Pain improved in 56 patients (98%) after weeks 2 and 4 of follow-up. One patient reported no change. The mean reduction in NRS scores at the 2-week follow-up was 3.226 (2.782-3.674, 0; 95% confidence interval [CI], p < 0.001) indicating a 48% reduction in pain score compared to prior. The mean reduction in NRS at 4 weeks after procedure was 3.544 (3.090-3.998, 0; 95% CI, p < 0.001) indicating a 52% decrease compared with the initial NRS (Table 2).

Two of the 57 patients (4%) expressed mild and transient complications, including palpitations and dizziness, which were successfully treated with supportive care in 30 min. The average procedural time was four min, with a minimum of three minutes and a maximum of seven min (Table 3).

DISCUSSION

Scanlon et al.¹⁴⁾ reported 78 cases of complications including fatal outcomes among 287 ultrasound physician members of the American Pain Society, from 1990 to 2007. Physicians may be reluctant to perform what can be very effective injections due to the risk of severe complications associated with the anatomy of the structures near the neural foramen. Many methods have been proposed to support accurate and safe injection.

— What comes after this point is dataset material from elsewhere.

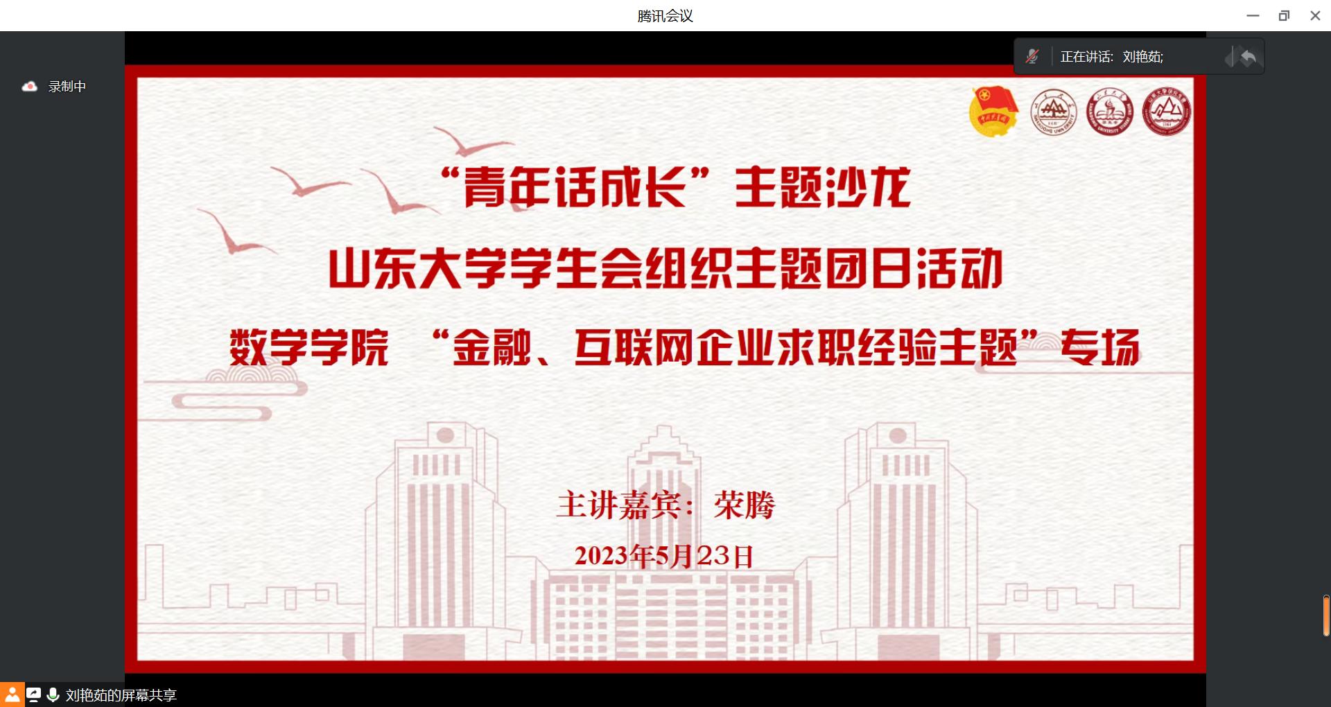 5月23日,美加墨世界杯官网研究生会功能型团支部组织开展“青年话成长”主题沙龙活动。本期沙龙活动以职业生涯规划为主题,围绕金融机构及互联网企业求职等内容,学院2020级优秀研究生代表参与交流分享,2021级、2022级部分硕士研究生参与主题沙龙。

1. Fluoroscopy-guided Block via a C-arm

In this method, patients are held in a supine position and the C-arm is placed at a 45º oblique angle to identify the targeted cervical foramen. The operator can access the target nerve root from the lateral side of the cervical spine, usually the posterior border of the sternocleidomastoid muscle to the posteromedial aspect of the superior articular process. The needle is gently pushed 1 to 2 mm ventromedially into the posterolateral portion of the foramen. Before contrast injection, the AP view should be reviewed to determine the needle depth. After confirming the nerve root, a steroid injection is administered⁵⁾ and the approximate procedure time is 15 min¹⁵⁾.

Although fluoroscopy-guided cervical SNRB is a widely used procedure, blind insertion of the needle can increase the possible risk of injury to vital organs surrounding the neural foramen¹⁸⁾. The risk of excessive needle insertion can lead to life-threatening consequences and the complication rate is very high at 19.4%⁴⁾. The most serious complications result from intravascular injection-related irreversible nerve injury¹⁾.

2. Ultrasound-guided Nerve Block

Cervical SNRB under ultrasound guidance is performed in patients in a lateral decubitus position. Physicians determine the level of the cervical spine under ultrasound by comparing the shape of the vertebral body. A linear-high frequency ultrasound probe is placed transversely on the main side of the neck to obtain an axial view of the target, followed by scanning of the neural foramen of the targeted nerve root. By shifting the probe cranially, the space between the nerve root and the posterior part of the foramen can be visualized and used as a needle target. In the traditional approach, the needle tip is advanced to the target foramen in the anterolateral to the posterior direction, followed by fine aspiration²⁰⁾. Depending on the skill of the operator, it takes about 10 min¹⁶⁾.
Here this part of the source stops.